Też nie ma ze mną łatwo...

Odpowiedz
mokato 2010-03-07 o godz. 15:56
0

Siedzę i analizuję każde słowo przeze mnie wypowiedziane. Wiem, że mam czyste sumienie i mogą mnie podłączyć po wykrywacz kłamstw ;)
Nie ufam już nikomu bo wszyscy pięknie sie uśmiechają a jak sie odwrócę to nóż w plecy
Dzięki dziewczyny, trzymajcie kciuki żeby wszystko się wyjaśniło.

Odpowiedz
awangarda w stylu retro 2010-03-07 o godz. 15:50
0

u mnie tez i z grubej rury . ale bylo minelo ;)

mokato przygotuj sie do tej konfrontacji bardzo porzadnie.
i zabezpiecz swoje dwody.
zeby sie raptem nie okazlo, ze inni maja racje

Odpowiedz
mokato 2010-03-07 o godz. 15:45
0

No u mnie probelm wygląda tak, że ten "ktoś życzliwy" zaczął od dyrekcji
Byłam na rozmowie u kierowniczki i wtedy dowiedzialam się o zarzucie.
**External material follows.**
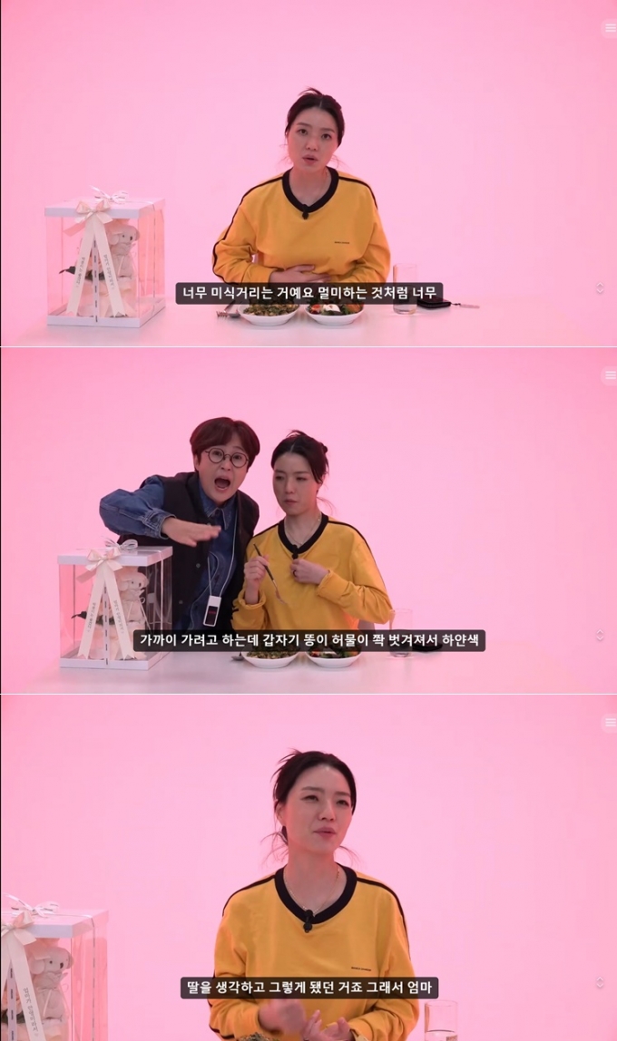 이어 "감정 기복도 심했다. 집에서 혼자 밥을 먹다가 배가 너무 아파서 미친 듯이 울었다"며 "제주도로 여행을 가기로 해서 술을 마시려고 가기 전에 확실하게 임신 테스트기를 했다. 두 줄이었다. 남편과 송은이 선배님에게 처음으로 알렸다"고 설명했다.

Od razu stwierdziłam, że chce konfrontacji oraz dowodów, no i teraz czekam na to co zrobi dyrektor. Ta sytuacja może zaważyć na przedlużeniu mi umowy. Ewidentnie "ktoś" chce się mnie pozbyć...

Odpowiedz
awangarda w stylu retro 2010-03-07 o godz. 15:35
0

ja tak straciłam swoja "ulubiona" prace w hotelu.

za co teraz jestem koleżankom wdzieczna

Odpowiedz
Gość 2010-03-07 o godz. 15:31
0

oj tak, tak. mialam chamaibydle w robocie przez rok. doprowadzal mnie do lez. po robocie szlam do samochodu i buchalam 15 minut zanim bylam w stanie prowadzic. chodzialm zla jak osa, na mysl o robocie dosawalam piany na ustach. chamibydle byl dokladnie taki jak piszesz: jak cos zawalil zwalal na innych, musial wszystko wiedziec i wszedzie wrzucic swoje trzy grosze, szpiegowal wspolpracowanikow, donosil ile wlezie. pierwszy raz trafilam na osobe, ktora prawie fizycznie nienawidzialam. najpierw myslalam, ze sama to zalatwie, ale potem nei bylo innej rady i musialam w sprawe wlaczyc szefa. badzo nie milo wspominam tamte czasy. na szczescie chamaibydle zwolniono. zaczal nam sie wlamywac na konta, robic cuda niewidy w systemie. jak chamibydle, to chamibydle. z takimi bez konfrontacji nei da rady.